• [EXERCISE DATA]:

────────────────────────────────────────

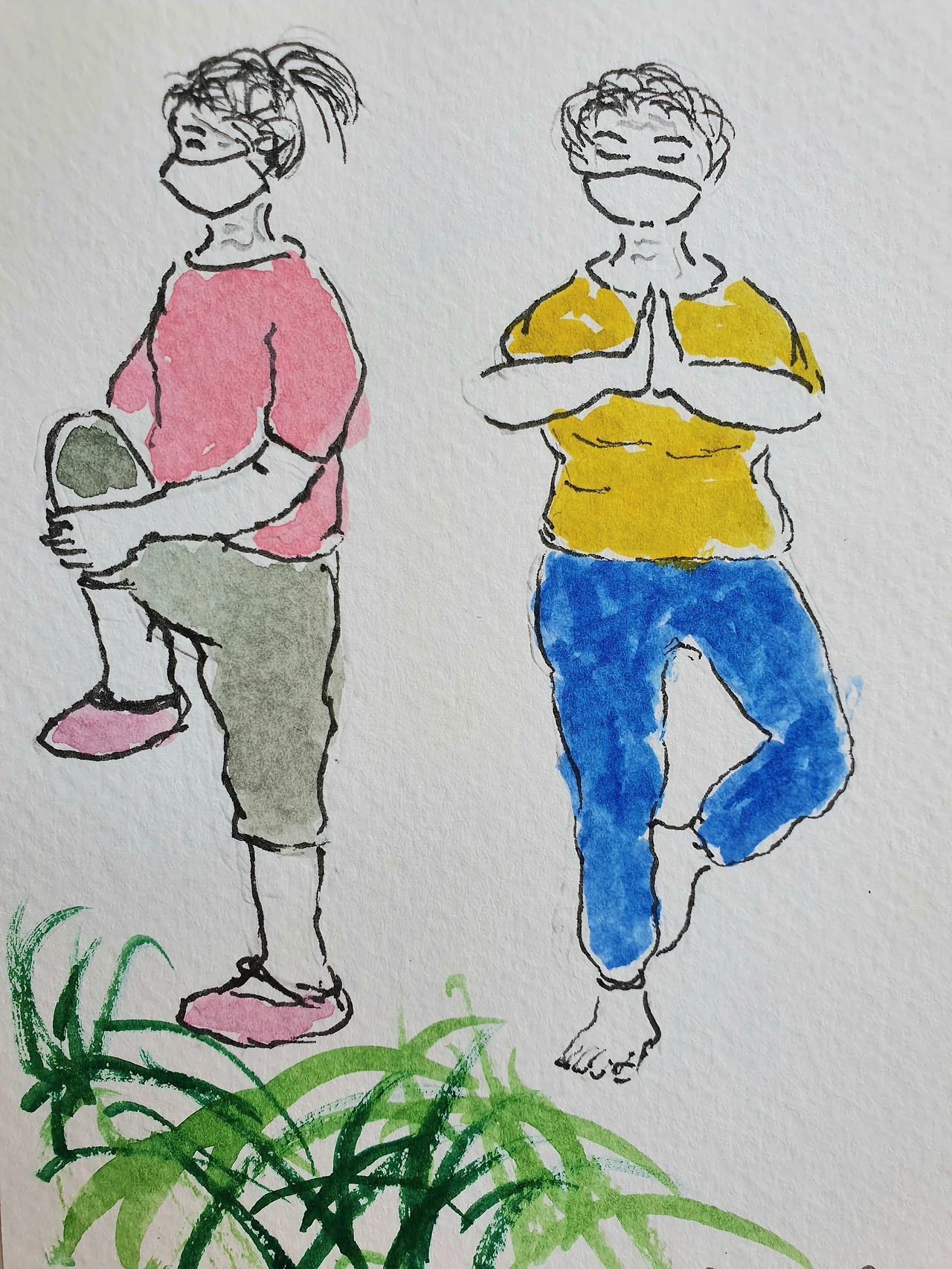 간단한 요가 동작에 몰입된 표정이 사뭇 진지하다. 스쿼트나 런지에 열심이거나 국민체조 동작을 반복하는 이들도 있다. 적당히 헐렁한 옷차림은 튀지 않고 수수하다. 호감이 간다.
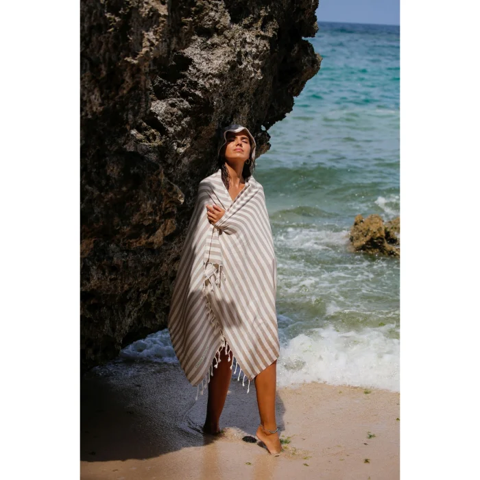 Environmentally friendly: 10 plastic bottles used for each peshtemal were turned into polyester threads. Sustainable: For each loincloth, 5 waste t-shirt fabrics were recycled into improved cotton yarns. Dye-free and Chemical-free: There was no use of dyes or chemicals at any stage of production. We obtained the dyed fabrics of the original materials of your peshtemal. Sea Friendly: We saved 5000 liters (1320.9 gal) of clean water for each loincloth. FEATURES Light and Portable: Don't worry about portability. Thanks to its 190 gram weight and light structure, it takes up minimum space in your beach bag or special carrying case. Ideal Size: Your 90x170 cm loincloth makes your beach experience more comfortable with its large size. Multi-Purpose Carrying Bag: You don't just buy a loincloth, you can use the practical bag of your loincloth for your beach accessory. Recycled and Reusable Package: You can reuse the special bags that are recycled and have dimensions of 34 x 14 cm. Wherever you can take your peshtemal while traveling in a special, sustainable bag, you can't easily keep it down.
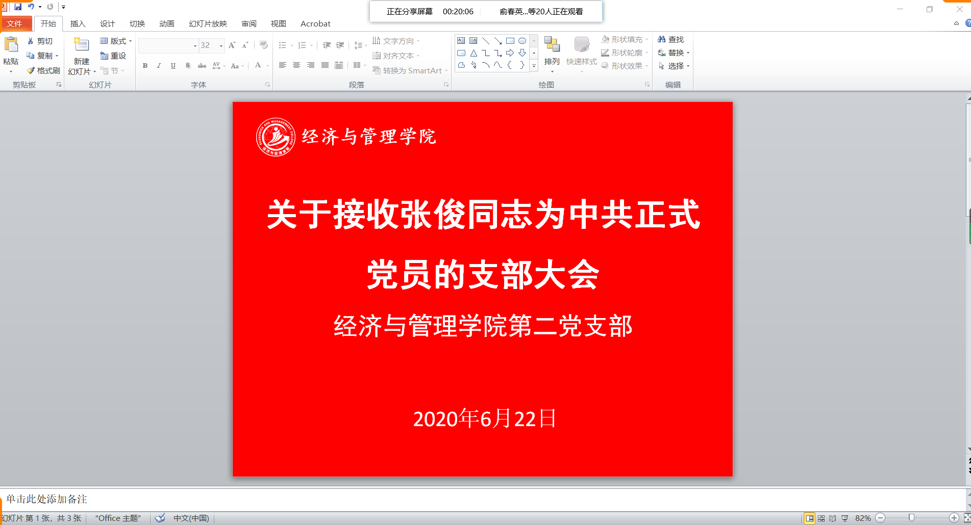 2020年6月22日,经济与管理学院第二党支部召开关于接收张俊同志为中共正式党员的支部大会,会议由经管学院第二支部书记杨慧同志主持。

────────────────────────────────────────

• [EXERCISE DIRECTIONS]:
Except for the pictures, copy the material above exactly.

• [TASK OUTPUT]:
 간단한 요가 동작에 몰입된 표정이 사뭇 진지하다. 스쿼트나 런지에 열심이거나 국민체조 동작을 반복하는 이들도 있다. 적당히 헐렁한 옷차림은 튀지 않고 수수하다. 호감이 간다.
 Environmentally friendly: 10 plastic bottles used for each peshtemal were turned into polyester threads. Sustainable: For each loincloth, 5 waste t-shirt fabrics were recycled into improved cotton yarns. Dye-free and Chemical-free: There was no use of dyes or chemicals at any stage of production. We obtained the dyed fabrics of the original materials of your peshtemal. Sea Friendly: We saved 5000 liters (1320.9 gal) of clean water for each loincloth. FEATURES Light and Portable: Don't worry about portability. Thanks to its 190 gram weight and light structure, it takes up minimum space in your beach bag or special carrying case. Ideal Size: Your 90x170 cm loincloth makes your beach experience more comfortable with its large size. Multi-Purpose Carrying Bag: You don't just buy a loincloth, you can use the practical bag of your loincloth for your beach accessory. Recycled and Reusable Package: You can reuse the special bags that are recycled and have dimensions of 34 x 14 cm. Wherever you can take your peshtemal while traveling in a special, sustainable bag, you can't easily keep it down.
 2020年6月22日,经济与管理学院第二党支部召开关于接收张俊同志为中共正式党员的支部大会,会议由经管学院第二支部书记杨慧同志主持。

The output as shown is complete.